2018年からは「新宿区『みどりの小道』環境日記コンテスト」に協賛し、「SANYO服福賞」という賞を設けて子供たちを表彰しています。教育への取り組みをして感じるのは、子供たちにい い影響を与えるだけでなく社員たちにもいい影響を与えてくれることですね。
ーー社員たちにはどのような影響があるのでしょう?
岩崎氏 : 服育活動に取り組むことで、仕事へのやりがいや誇りを感じる人が多くなりましたね。改めて デザインの価値に気付かされたり、パタンナーという仕事に誇りを持てたりします。子供たちに「ものを大事にする」ことを教えているので、私たち自身も「ものを大事にする」意識を強く持つようになりました。

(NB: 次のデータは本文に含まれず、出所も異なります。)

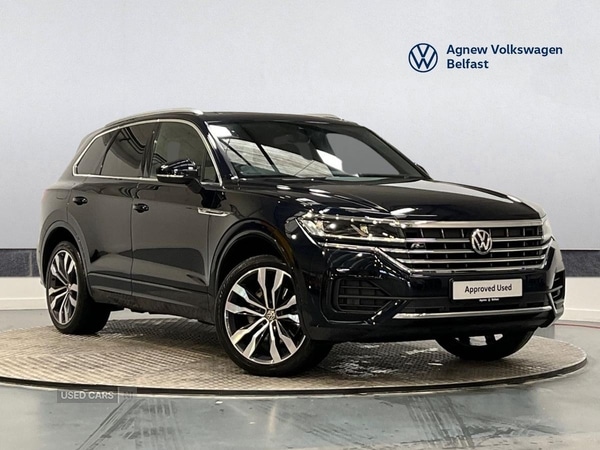 0 Previous Owners, Agnew Volkswagen Belfast are delighted to offer this stunning 2019 Volkswagen Touareg V6 R-Line Tech 3.0 TDI 286PS 4MOTION 8-speed Auto Tiptronic 5 Door in Moonlight Blue with Power Folding Towbar Power Tailgate Keyless Entry Panoramic Sunroof 'Vienna' Leather interior Heated Front Seats App-Connect for Apple CarPlay and Android Auto R-Line body-coloured bumpers Stainless steel pedals Power Folding and Adjustable Exterior Mirrors with Memory Feature Power front seats with drivers side memory feature Park Assist with rear view camera Leather-wrapped, heated, multi-function sports steering wheel with tiptronic Body-coloured bumpers Stainless Steel Pedals Rear Privacy Glass High Beam Assist 4-Zone Climate Control

ーー子供たちへの服育活動が、社員教育にもつながっているのですね。
岩崎氏 : 最近では社員への服育にも力を入れるようになりました。例えば綿を栽培している契約農家に赴いて、服の原料となる綿を一緒に育てる活動を行っています。こだわりを持って作られた 綿を見ることで、社員たちも自信を持って商品を売れるようになっていきます。以前は有志だけが契約農家のもとに言っていましたが、今は新入社員研修に取り入れるようになりました。

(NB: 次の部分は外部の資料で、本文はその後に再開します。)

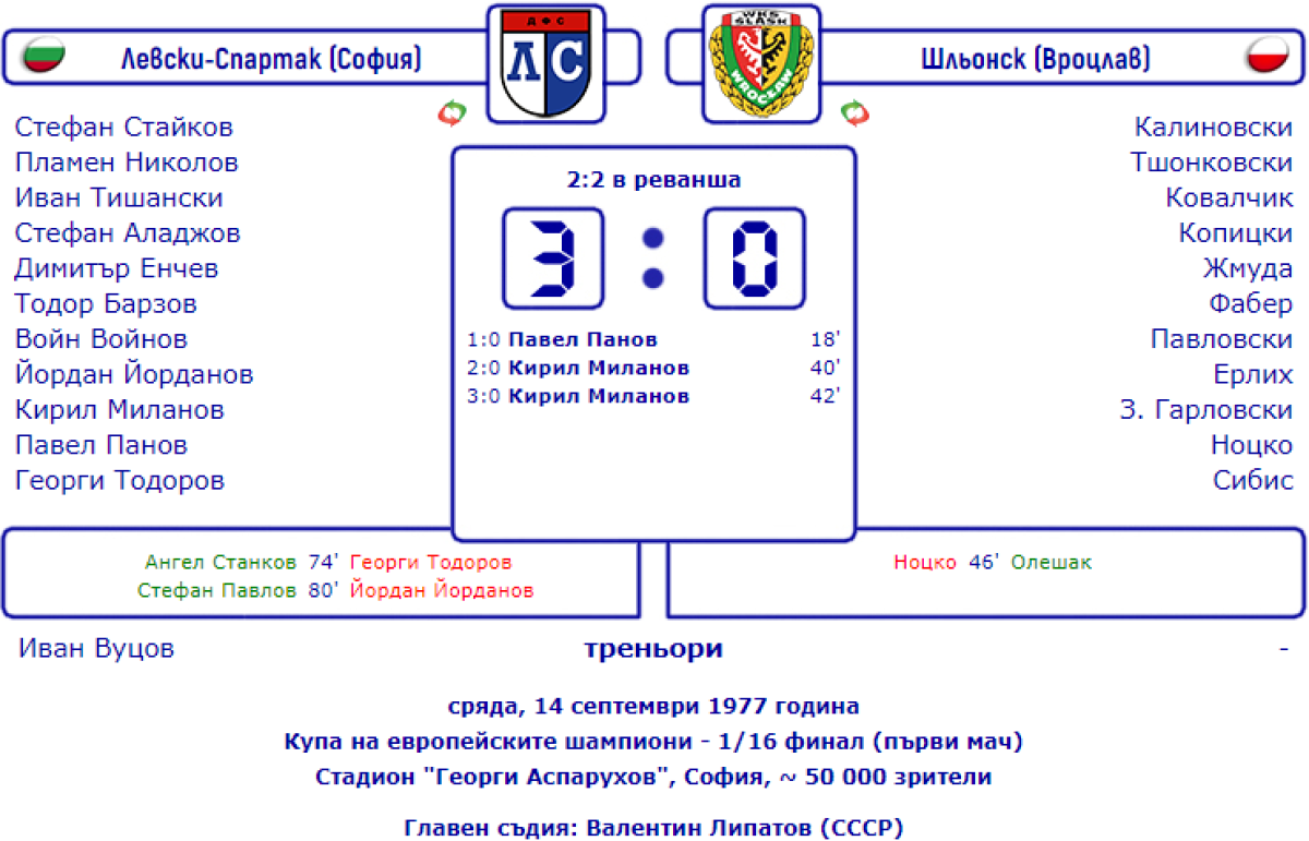 «Левски-Спартак» София - «Шлёнск» Вроцлав - 3:0

ーー商品のこだわりを理解することが、結果的に販売力につながっているのですね。最後に今後 の取組の目標について聞かせてください。
岩崎氏 : コロナの影響で「再生プラン」が1年計画から2年計画に伸びてしまいましたが、まずはしっかり会社を黒字にすることが必要です。環境への取組も重要ですが、会社が黒字にならなければ取り組みにも投資できませんし、何より納税という企業の責任が果たせません。個人的には、事業を成長させていくなかで、環境への取組も紐付いていれば尚いいと思います。できるだけ早く会社を黒字にして、将来のために本質的に必要なことに時間とお金をかけられるような会社にしていきたいです。
編集後記
2020年7月1日からスーパーやコンビニでビニール袋が有料になるなど、日本でも環境に対する取り組みは年々シビアになっています。これまでは環境への取組は、余裕のある企業がやればいいという風潮がありましたが、環境への配慮は全ての企業がビジネスをしていく上での最低限のルールになっていくでしょう。
今回の取材を通してサステナビリティの活動はコストになるだけでなく、「事業の活性化」に繋がることを実感できました。コロナの影響で目先の売上を意識せざるを得ない会社も多いと思いますが、環境や教育への投資を考える機会になれば幸いです。